┌─ DATA TO EXAMINE

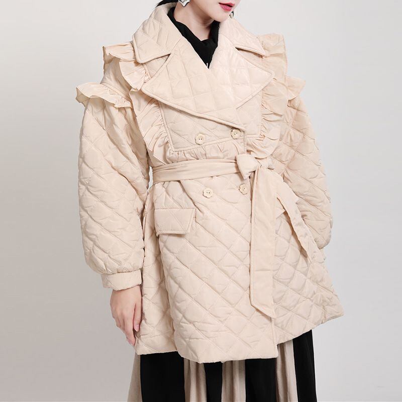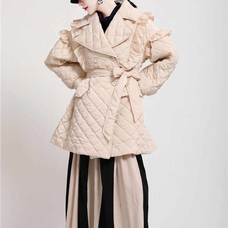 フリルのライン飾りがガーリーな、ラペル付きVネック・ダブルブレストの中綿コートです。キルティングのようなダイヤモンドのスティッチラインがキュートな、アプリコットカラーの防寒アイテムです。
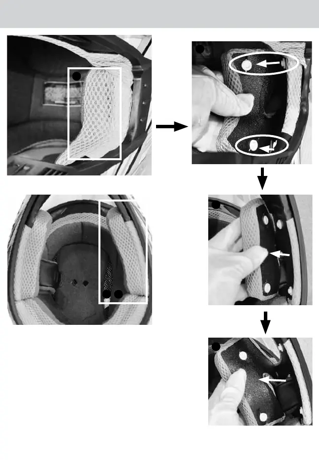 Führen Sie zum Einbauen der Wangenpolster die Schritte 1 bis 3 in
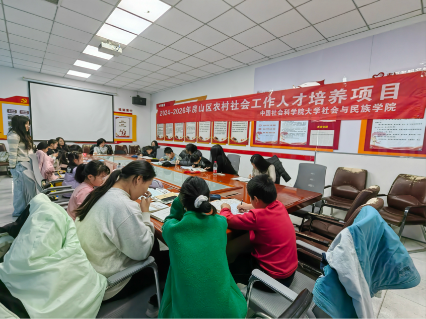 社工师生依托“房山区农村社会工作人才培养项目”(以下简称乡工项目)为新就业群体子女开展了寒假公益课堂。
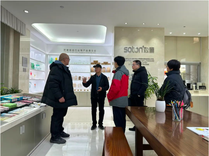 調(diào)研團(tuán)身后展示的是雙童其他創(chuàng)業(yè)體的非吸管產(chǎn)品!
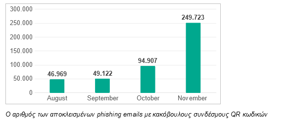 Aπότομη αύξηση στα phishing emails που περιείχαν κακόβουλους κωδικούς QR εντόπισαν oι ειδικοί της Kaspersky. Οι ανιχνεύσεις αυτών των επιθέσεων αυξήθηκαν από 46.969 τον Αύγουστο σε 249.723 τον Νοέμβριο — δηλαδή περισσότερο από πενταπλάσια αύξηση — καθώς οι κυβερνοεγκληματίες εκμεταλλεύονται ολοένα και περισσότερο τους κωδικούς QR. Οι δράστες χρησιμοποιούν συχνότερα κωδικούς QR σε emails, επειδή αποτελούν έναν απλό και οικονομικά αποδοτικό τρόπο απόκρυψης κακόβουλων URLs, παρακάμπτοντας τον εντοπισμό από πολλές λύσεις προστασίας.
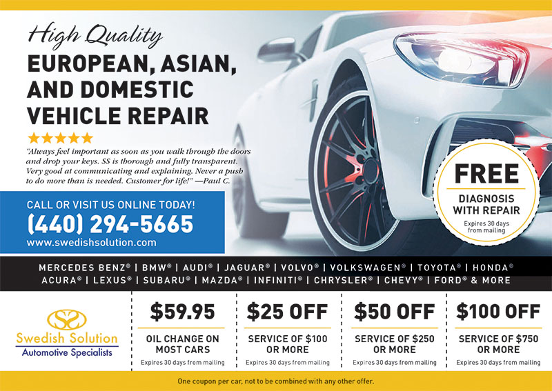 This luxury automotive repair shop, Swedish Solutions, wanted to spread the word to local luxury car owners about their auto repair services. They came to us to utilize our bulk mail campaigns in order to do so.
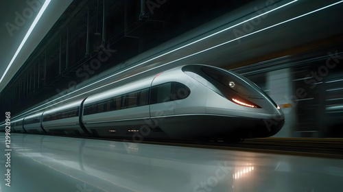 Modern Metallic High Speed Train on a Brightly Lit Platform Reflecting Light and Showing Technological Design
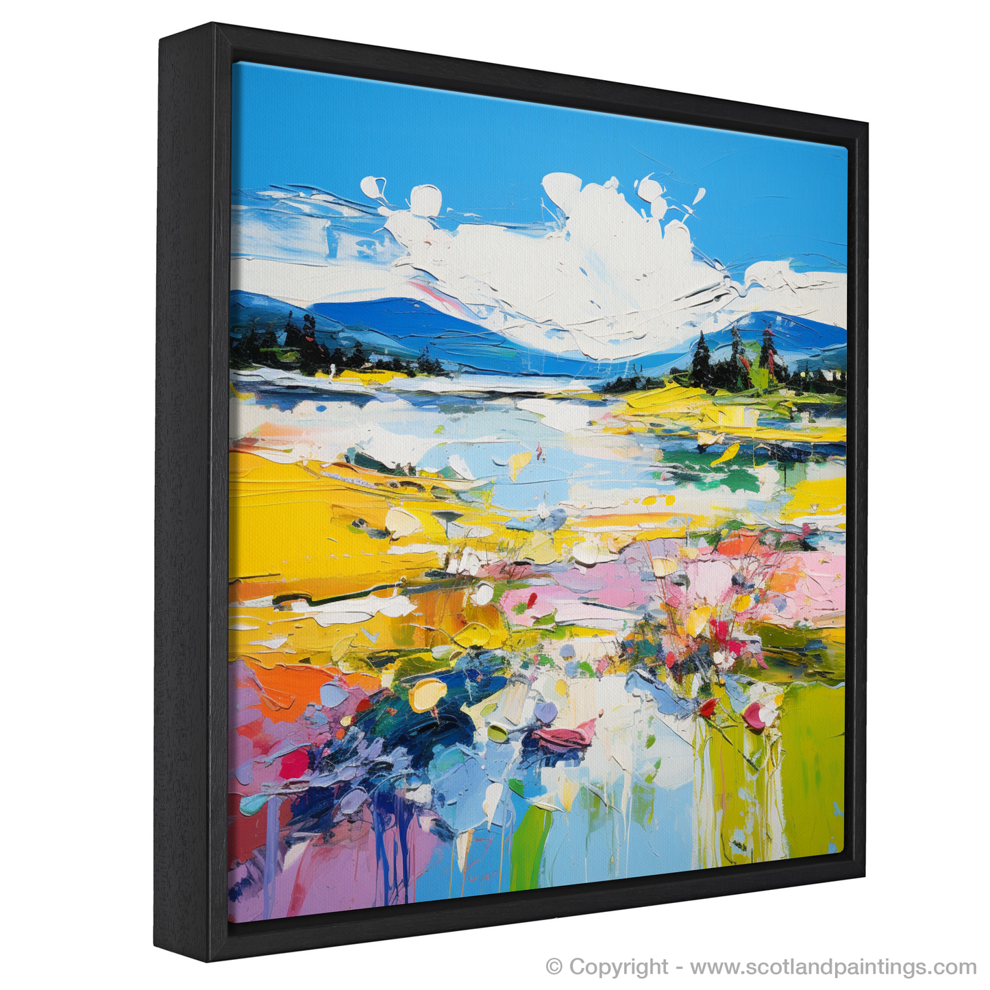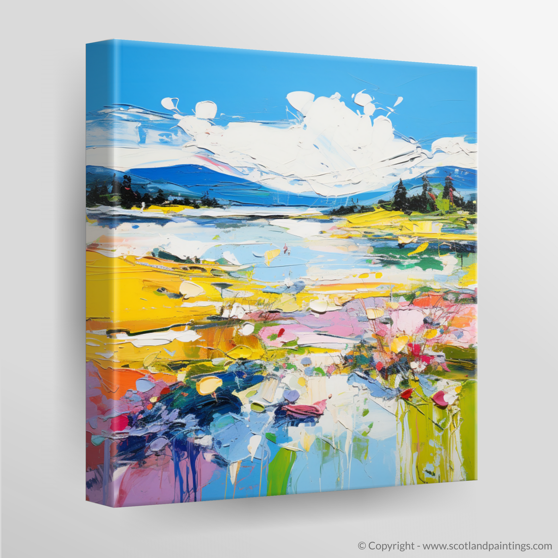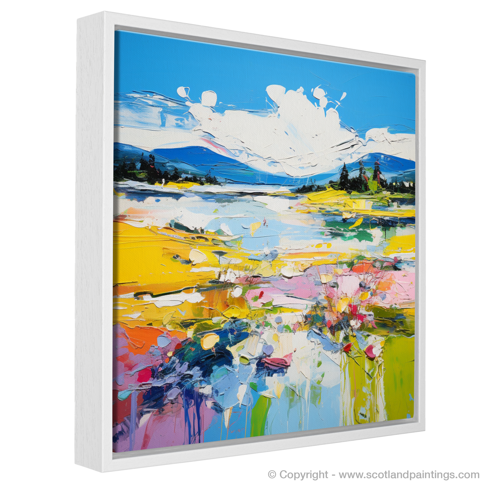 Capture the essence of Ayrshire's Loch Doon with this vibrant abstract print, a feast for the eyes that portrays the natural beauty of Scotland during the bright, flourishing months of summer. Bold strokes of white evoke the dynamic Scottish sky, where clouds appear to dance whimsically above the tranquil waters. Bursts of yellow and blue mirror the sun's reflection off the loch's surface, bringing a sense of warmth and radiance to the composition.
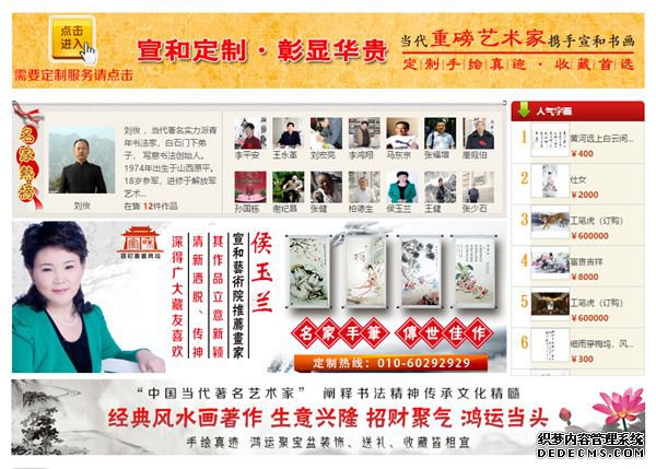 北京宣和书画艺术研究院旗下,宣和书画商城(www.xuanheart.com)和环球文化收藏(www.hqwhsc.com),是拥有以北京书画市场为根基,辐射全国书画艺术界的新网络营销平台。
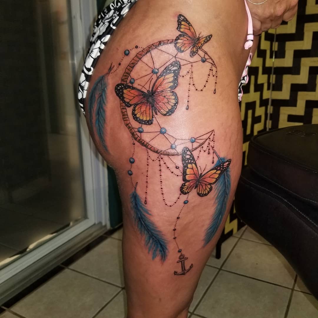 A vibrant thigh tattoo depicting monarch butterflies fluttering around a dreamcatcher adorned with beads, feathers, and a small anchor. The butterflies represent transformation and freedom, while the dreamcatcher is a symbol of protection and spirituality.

└─

EXERCISE GOAL: Set the records down again word for word; the pictures stay out.

WRITTEN SOLUTION:
 フリルのライン飾りがガーリーな、ラペル付きVネック・ダブルブレストの中綿コートです。キルティングのようなダイヤモンドのスティッチラインがキュートな、アプリコットカラーの防寒アイテムです。
 Führen Sie zum Einbauen der Wangenpolster die Schritte 1 bis 3 in
 社工师生依托“房山区农村社会工作人才培养项目”(以下简称乡工项目)为新就业群体子女开展了寒假公益课堂。
 調(diào)研團(tuán)身后展示的是雙童其他創(chuàng)業(yè)體的非吸管產(chǎn)品!
 Aπότομη αύξηση στα phishing emails που περιείχαν κακόβουλους κωδικούς QR εντόπισαν oι ειδικοί της Kaspersky. Οι ανιχνεύσεις αυτών των επιθέσεων αυξήθηκαν από 46.969 τον Αύγουστο σε 249.723 τον Νοέμβριο — δηλαδή περισσότερο από πενταπλάσια αύξηση — καθώς οι κυβερνοεγκληματίες εκμεταλλεύονται ολοένα και περισσότερο τους κωδικούς QR. Οι δράστες χρησιμοποιούν συχνότερα κωδικούς QR σε emails, επειδή αποτελούν έναν απλό και οικονομικά αποδοτικό τρόπο απόκρυψης κακόβουλων URLs, παρακάμπτοντας τον εντοπισμό από πολλές λύσεις προστασίας.
 This luxury automotive repair shop, Swedish Solutions, wanted to spread the word to local luxury car owners about their auto repair services. They came to us to utilize our bulk mail campaigns in order to do so.
 Modern Metallic High Speed Train on a Brightly Lit Platform Reflecting Light and Showing Technological Design
 Capture the essence of Ayrshire's Loch Doon with this vibrant abstract print, a feast for the eyes that portrays the natural beauty of Scotland during the bright, flourishing months of summer. Bold strokes of white evoke the dynamic Scottish sky, where clouds appear to dance whimsically above the tranquil waters. Bursts of yellow and blue mirror the sun's reflection off the loch's surface, bringing a sense of warmth and radiance to the composition.
 北京宣和书画艺术研究院旗下,宣和书画商城(www.xuanheart.com)和环球文化收藏(www.hqwhsc.com),是拥有以北京书画市场为根基,辐射全国书画艺术界的新网络营销平台。
 A vibrant thigh tattoo depicting monarch butterflies fluttering around a dreamcatcher adorned with beads, feathers, and a small anchor. The butterflies represent transformation and freedom, while the dreamcatcher is a symbol of protection and spirituality.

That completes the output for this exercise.